10. On receipt of the pre-transaction notification, the cardholder shall have the facility to opt-out of that particular transaction or the e-mandate. Any such opt-out shall entail AFA validation by the issuer. On receipt of intimation of such an opt-out, the issuer shall ensure that the particular transaction is not effected / further recurring transactions are not effected (as the case may be). A confirmation intimation to this effect shall be sent to the cardholder.
11. In line with the extant instructions, the issuer shall send post-transaction alert / notification to the cardholder. This notification shall, at the minimum, inform the cardholder about the name of the merchant, transaction amount, date/time of debit, reference number of transaction / e-mandate, reason for debit, i.e., e-mandate registered by the cardholder.
Transaction limit and velocity check
12. The cap / limit for e-mandate based recurring transactions without AFA will be ₹ 2,000/- per transaction. Transactions above this cap shall be subject to AFA as hitherto.
13. The limit of ₹ 2,000/- per transaction is applicable for all categories of merchants who accept repetitive payments based on such e-mandates.
14. Suitable velocity checks and other risk mitigation procedures shall be put in place by issuers.
Withdrawal of e-mandate
15. The issuer shall provide the cardholder an online facility to withdraw any e-mandate at any point of time following which no further recurring transactions shall be allowed for the withdrawn e-mandate. (Note: The exception to this will be a pipeline transaction for which pre-transaction notification has already been sent to the cardholder, but the debit has not been communicated to or received by the cardholder, and the e-mandate withdrawal happens during the interregnum.) Information about this facility to withdraw e-mandate at any point of time, shall be clearly communicated to the cardholder at the time of registration and later on whenever felt necessary.

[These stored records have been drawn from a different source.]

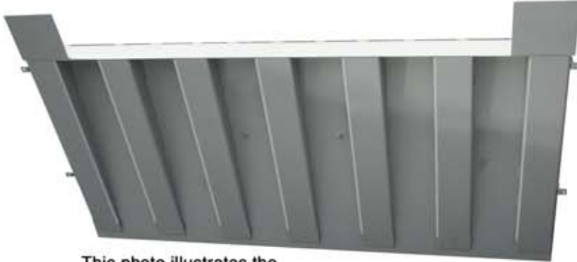
This photo illustrates the optional asphalt package ramp understructure.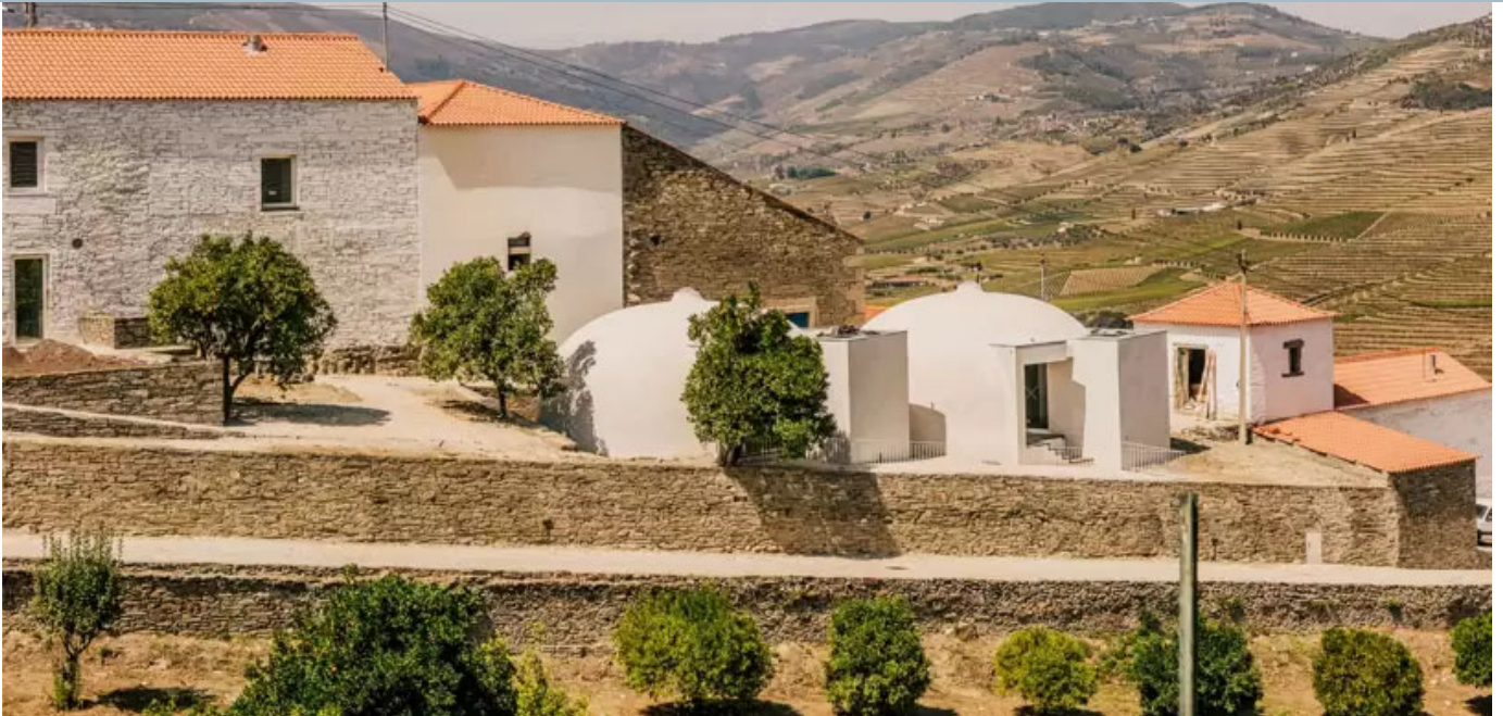
Quinta de Ventozelo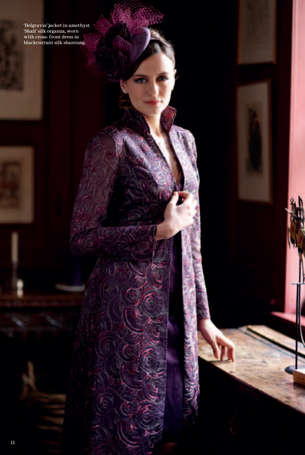
'Belgravia' jacket in amethyst 'Shali' silk organza, worn with cross-front dress in blackcurrant silk shantung.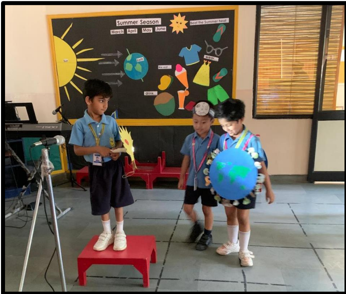
Understanding how day and night occurs

We discussed important concepts related to our planet like how day and night occur, how seasons change, and what are the different land forms found on Earth. This helped children to relate these concepts to real life experiences.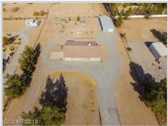
Listing Comp 2 View Front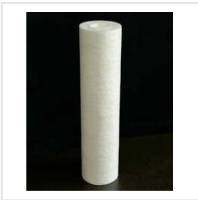
PP Spun RO Water DOE Filter Cartridge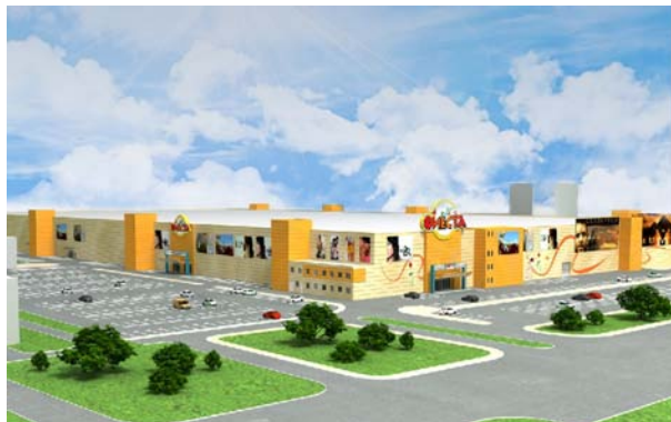
Retail and entertainment complex Fiesta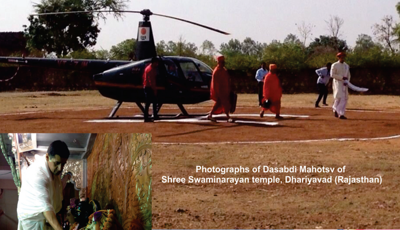
Photographs of Dasabdi Mahotsv of Shree Swaminarayan temple, Dhariyavad (Rajasthan)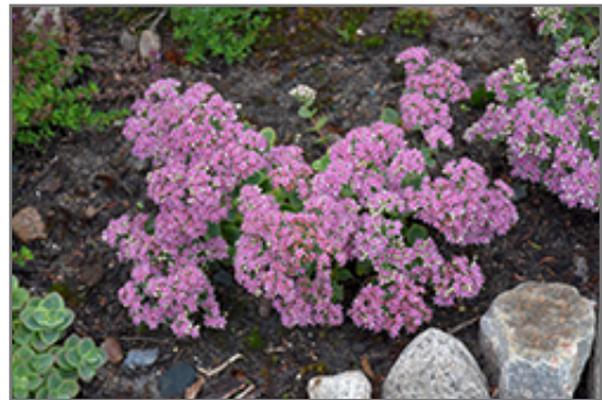
Lime Twister Stonecrop in bloom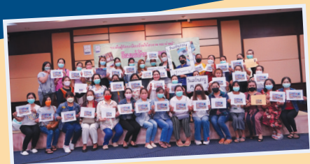
Migrant Women Leadership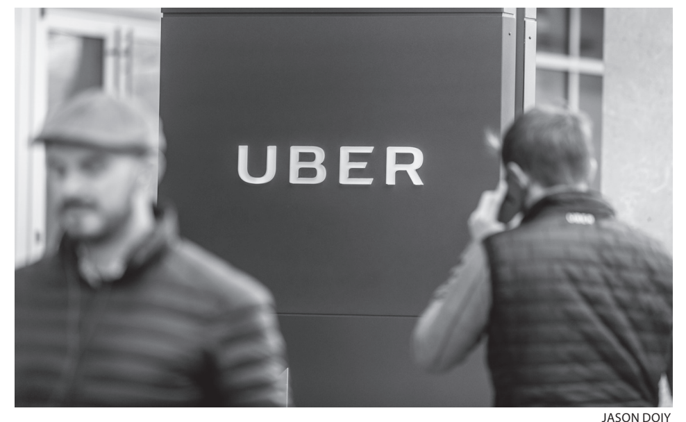
The SoftBank-led group will end up owning roughly 17.5 percent of Uber, with SoftBank at 15 percent holding the largest stake.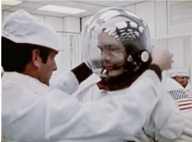
Dave Scott in space suit.

There were also some great photos that Visiting Scholars uploaded to Commons this month.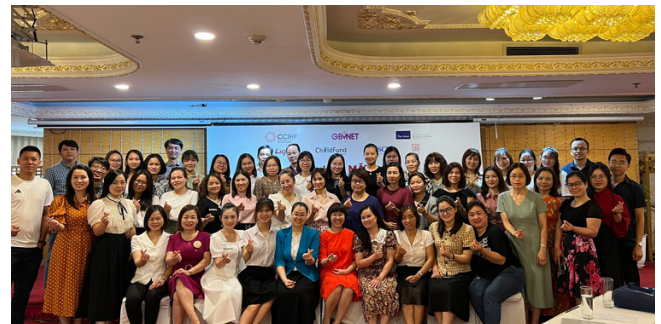
Consultation workshop on findings from community monitoring on the implementation of TC Law in 28 schools

On 24 May 2023, Center for Creative Initiatives in Health and Population (CCIHP) organized a consultation workshop with representatives from 28 schools participating in the monitoring on the implementation of Tobacco Control (TC) Law. The survey found that while understanding on tobacco harms is high, children in 28 schools are still exposed to tobacco through their friends, teachers, workers or parents smoking in and near school premises. There are still violations in schools regarding TC Law and most common violations are the lack of no-smoking signages in schools or TAPS ban violations at point-of-sale near schools. CCIHP works with schools to plan actions to improve compliance to TC Law.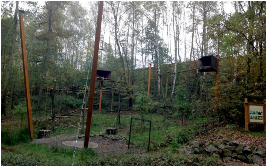
Picture 1: View from the entry. The huge Bearded Vulture facility has only wooden pillars for sustain the mesh.

The Bearded Vulture new facility is a huge almost square aviary. The welded elastic wire mesh is sustained by wooden pillars. The aviary is located in a forest area where visitors are normally not frequenting. The ground is a smooth slope covered with grass, and at its end by each corner-pillar there is a wooden cave as nesting site. By both wooden caves a fixed iron leader is installed to give the keepers the possibility by nest control to enter without introducing a hand leader. Near the entry there is a huge bath bowl, perfect for bathing and drinking (picture 1).

16. The withdrawal of any e-mandate by the cardholder shall entail AFA validation by the issuer.
17. In respect of withdrawn e-mandate/s, the acquirers shall ensure that the merchants on-boarded by them, delete all details, including payment instrument information.
Dispute resolution and grievance redressal
18. An appropriate redress system shall be put in place by the issuer to facilitate the cardholder to lodge grievance/s. Card networks shall also put in place dispute resolution mechanism for resolving these disputes with clear Turn Around Time (TAT).
19. The card networks shall make suitable arrangements to separately identify chargebacks / dispute requests in respect of e-mandate based recurring transactions.
20. RBI instructions on limiting liability of customers in unauthorised transactions shall be applicable for such transactions as well.
21. It shall be the responsibility of acquirers to ensure compliance by merchants on-boarded by them in respect of all aspects of these instructions.